Accra, June 26, GNA - Government has voted 4.1 billion cedis to support Persons With Disabilities (PWDs) to enhance their economic living conditions, Mrs Akosua Frema Osei-Opare, Deputy Minister of Manpower Youth and Employment, said on Tuesday. She said the amount was an improvement on last year's provision, which was two billion and one billion in 2005. "It will increase as the years go by," she added.
Mrs Osei-Opare said this when she chaired a day's public education on the Disability Act 715, which was passed in June last year to enable PWDs to enjoy their rights enshrined in Article 29 of the 1992 constitution.
The forum for stakeholders under the theme: "Promoting and Protecting the Rights of Persons with Disabilities in Ghana" was organized by the Ghana Centre for Democratic Development (CDD-Ghana) with support from US Agency for International Development (USAID). It was to solicit support from stakeholders to aid the implementation process and make life meaningful for PWDs. Mrs Osei-Opare noted that there were some PWDs whose disabilities were so severe that government needed to support and empower them economically so they could also survive. "This demonstrates government's sensitivity to the plight of our dear brothers and sisters who unfortunately are disabled."

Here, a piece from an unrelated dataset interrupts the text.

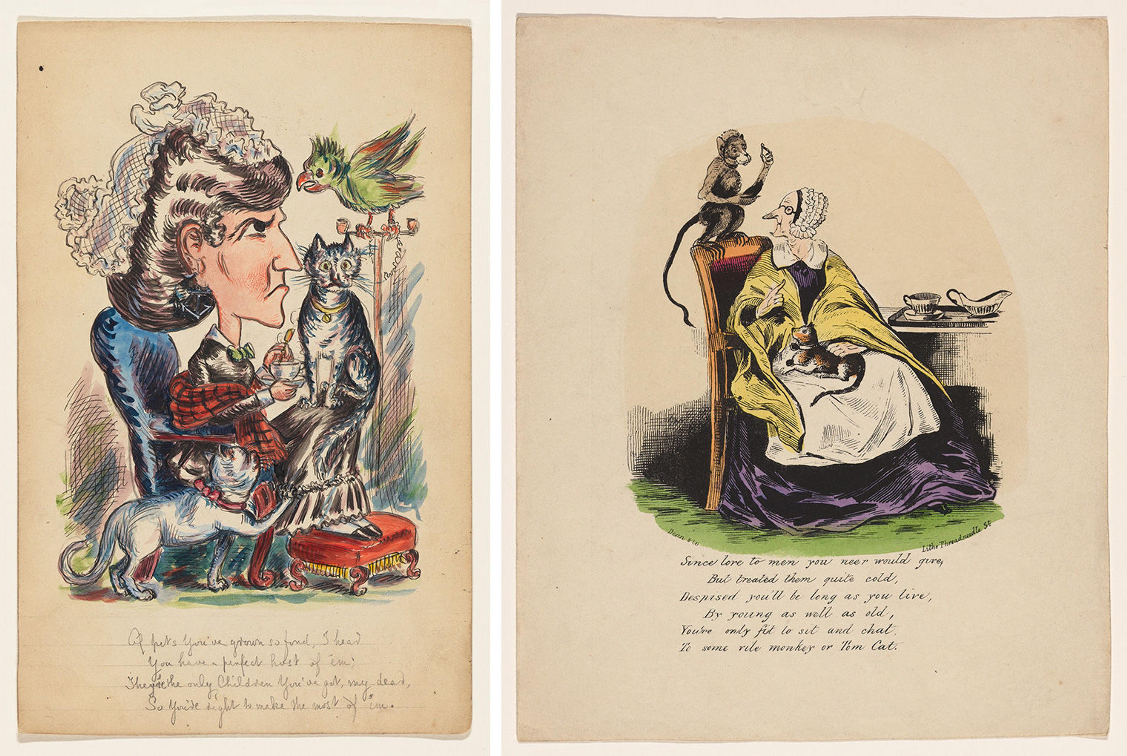 Left: N. Clayton (British, 19th century). Original illustration for a comic Valentine: Old Maid with parrot and cat, ca. 1860. Hand-colored (watercolor) ink drawing on heavy stock, with poetry written in graphite script, 8 1/2 × 5 1/2 in. (21.5 × 14 cm). The Metropolitan Museum of Art, New York (Ref.Clayton.1). Right: British, 19th century. Publisher: Dean and Co. (British). Comic Valentine (Old Maid), ca. 1860. Hand colored lithograph, watercolor, 5 3/4 x 4 in. (14.5 x 10 cm). The Metropolitan Museum of Art, New York, Gift of Mrs. Richard Riddell, 1981 (1981.1136.368)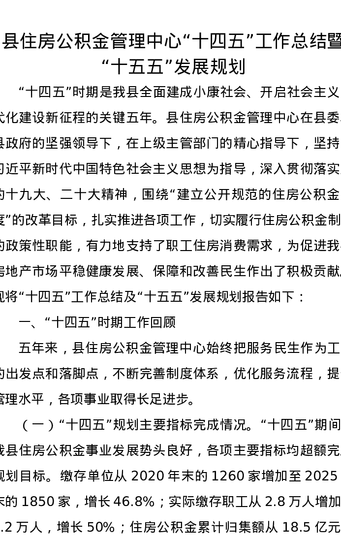 县住房公积金管理中心“十四五”工作总结暨“十五五”发展规划

She noted that government had again started a social grant scheme on pilot basis to assist the severely incapacitated PWDs and that would run for a five-year period. "By then, we would have covered almost everybody that might be in need of this assistance." Mrs. Osei-Opare pledged her Ministry's support in ensuring the full implementation of the Act to make life comfortable and enjoyable by all PWDs.

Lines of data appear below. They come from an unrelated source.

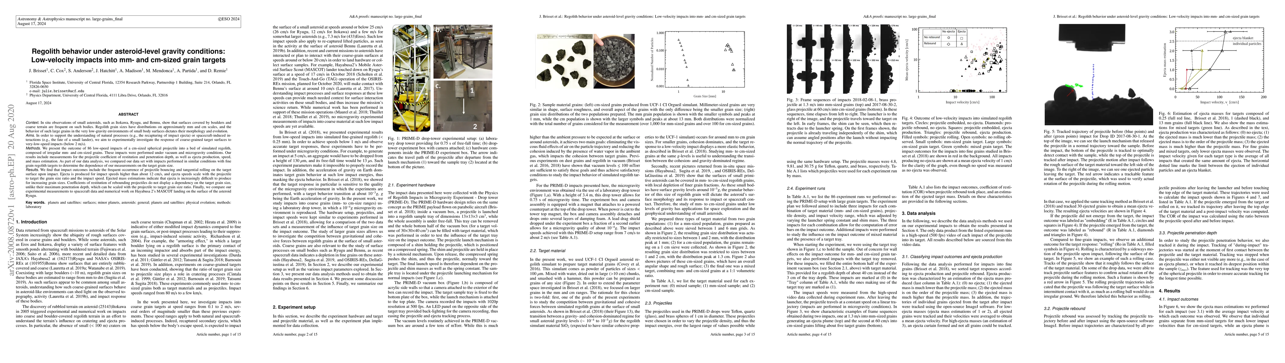 This study experimentally investigates the behavior of regolith under asteroid-level gravity during low-velocity impacts, finding frequent projectile bouncing and rolling, and ejecta production at speeds above 12 cm/s. The results show that ejecta mass decreases with larger grain sizes, and penetration depth scales with the projectile-to-target grain size ratio, providing insights into natural and spacecraft-induced surface interactions.
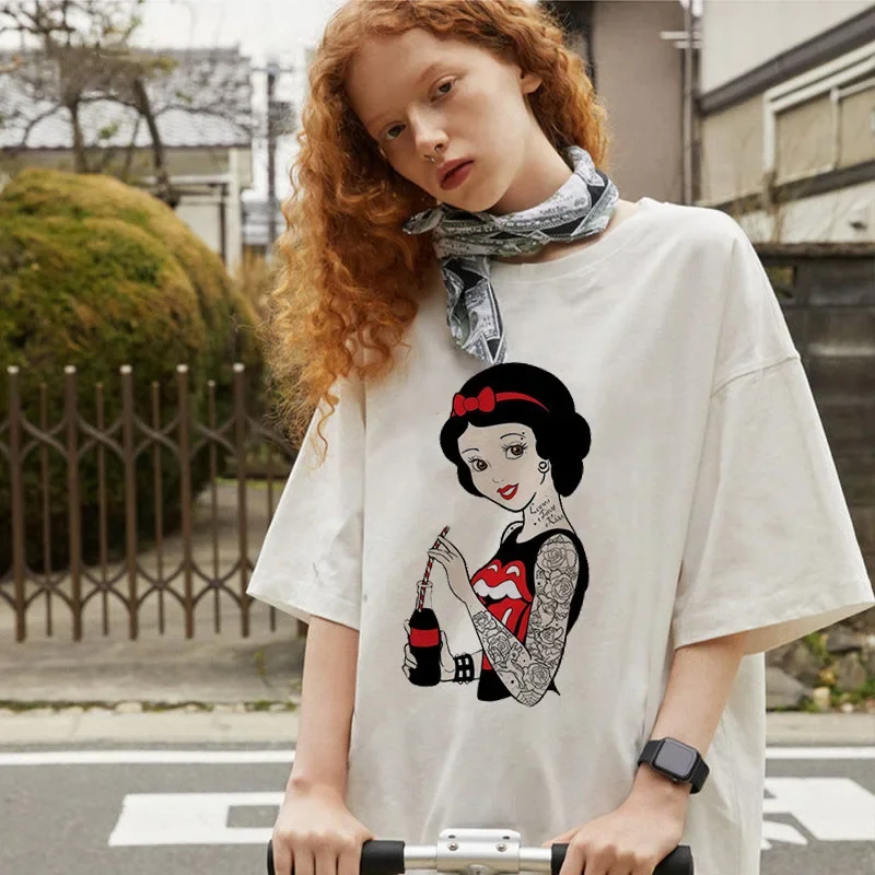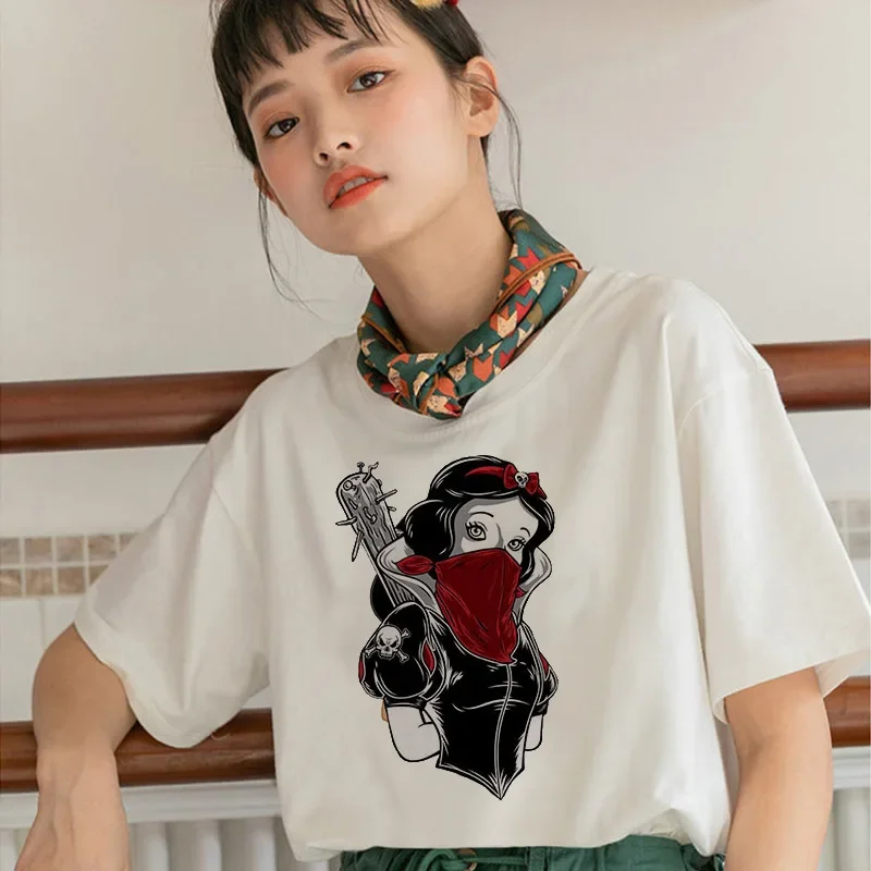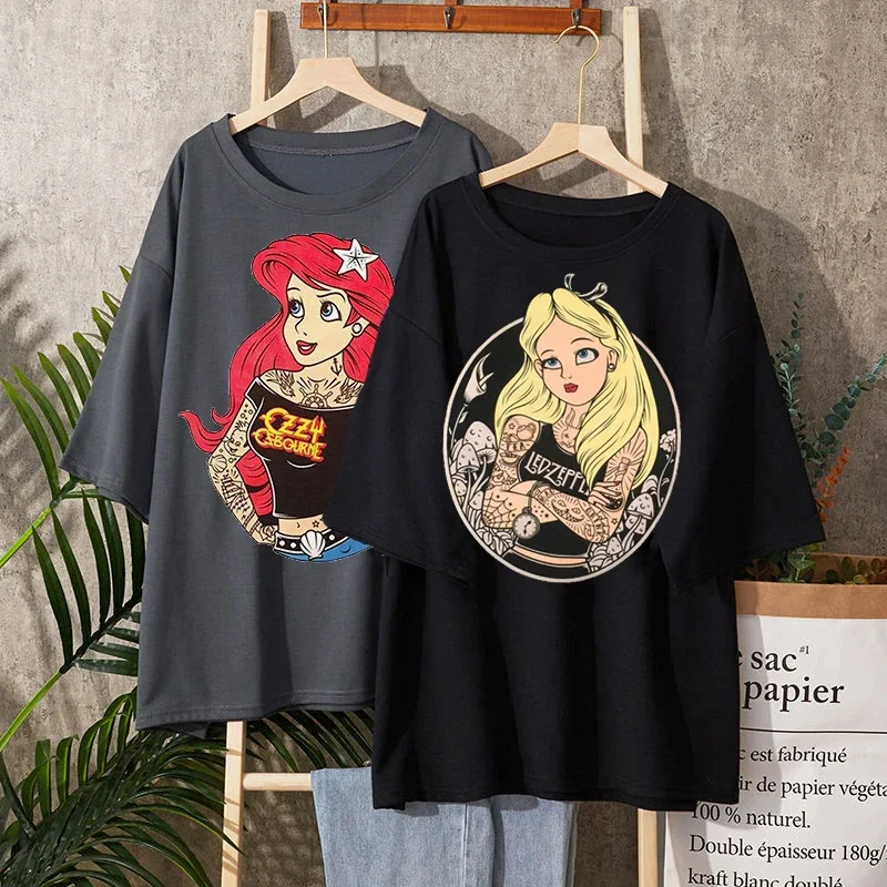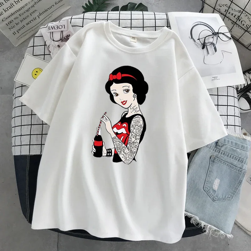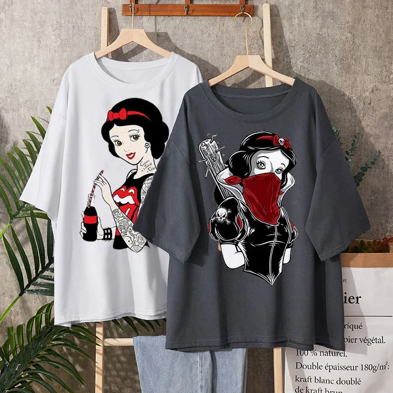 Princess Print Alice in Wonderland Women T Shirt Tops Black Alice Snow White Casual Short Sleeve T-shirt Femme Top Y2K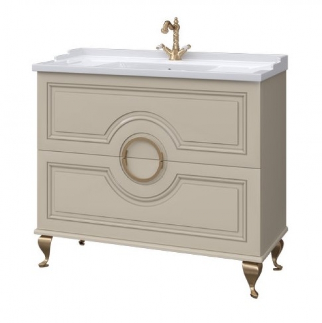VALLETTA тумба 100 (2 ящика) выпускается на склад в отделке арт. ТР-811 (Бланж). под заказ в отделках из Реестра отделок CONCEPT. раковина (фаянс) продается отдельно

Dr. Kwadwo Appiagyei-Atua of the Faculty of Law, University of Ghana, who took the participants through the Act, said the transition of the Act made provision for a 10-year moratorium for compliance with the provisions on access and mobility because of substantial investment needed to make all existing public infrastructure disability-friendly. He said the Act would ensure the creation of PWD desks in all employment centres throughout the country and provide for the formation of a National Council on Persons with Disabilities as well as a Board to assist in smooth implementation.
He explained that the National House of Chiefs had an important role in dealing with needs and dignity of PWDs as the House was enjoined by Article 272 of the Constitution to "undertake an evaluation of traditional customs and usages that are outmoded and socially harmful". The provision, he said, was reinforced by Article 26(2), which stated that, "all customary practices which dehumanise or are injurious to the physical and mental well-being of a person are prohibited".

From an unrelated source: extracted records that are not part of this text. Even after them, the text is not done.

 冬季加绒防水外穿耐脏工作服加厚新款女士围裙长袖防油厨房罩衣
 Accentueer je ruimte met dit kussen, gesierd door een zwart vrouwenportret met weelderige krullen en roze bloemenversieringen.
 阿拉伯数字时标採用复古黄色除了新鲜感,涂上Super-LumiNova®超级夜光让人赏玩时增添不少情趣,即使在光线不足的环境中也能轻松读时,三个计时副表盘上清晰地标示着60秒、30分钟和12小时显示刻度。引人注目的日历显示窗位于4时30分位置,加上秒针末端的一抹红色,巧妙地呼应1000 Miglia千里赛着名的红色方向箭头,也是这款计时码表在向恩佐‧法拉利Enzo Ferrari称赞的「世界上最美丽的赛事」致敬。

Dr. Appeagyei called on chiefs to promote the positive side of their culture that treated PWDs with dignity and respect. "Article 39 (1) of the Constitution stipulates; 'subject to clause (2) of this article, the State shall take steps to encourage the integration of appropriate customary values into the informal education and the conscious introduction of cultural dimensions to relevant aspects of national planning.'"
He called on the Police to enforce the Beggars and Destitute Decree to give PWDs some form of security and dignity, whilst government also ratified the UN Convention on the Rights of Person with Disability, which had already been signed. "Government should also popularise the African Decade of the Disabled Person which started in 1999 and would end in 2009 and harmonise disability laws in the ECOWAS sub-region to facilitate movement of PWDs."
Professor Emmanuel Gyimah-Boadi, Executive Director of CDD, said stigmatisation and discrimination accorded the disabled in Ghana was firmly grounded in the Ghanaian culture, beliefs and attitudes, which had caused social exclusion.
"These are factors that hinder the smooth integration of the physically challenged in society making it difficult to secure their civil rights and there is the need to create awareness in the public for attitudinal change towards the disabled," he added. He called on stakeholders to ensure the smooth implementation of the Act and suggested that some of the provisions could be looked at in the short-term whilst the medium and long term ones could be looked at later.
Dr Yaw Ofori-Debra, President of the Ghana Federation of the Disabled (GFD), commended government for all efforts in ensuring that they lived comfortably.
He, however, cautioned that service providers and other institutions, which would fail to implement government directives, would be taken to the Commission on Human Rights and Administrative Justice to face the law.
Dr. Ofori-Debra called on the District Assemblies to make available to them the share of the District Assemblies' Common Fund meant for them so they could also benefit from that facility as directed by government.
Sheikh Nuamah, an Islamic Cleric and Reverend Fred Deegbe, who represented the Christian Council, condemned the practice of some religious people who discriminated against PWDs.
They also condemned the attitude of some PWDs who had capitalized on their disability to resort to begging as a means of survival and called on GFD and the Labour Commission to find a solution to driving them away from the streets since that might endanger their lives.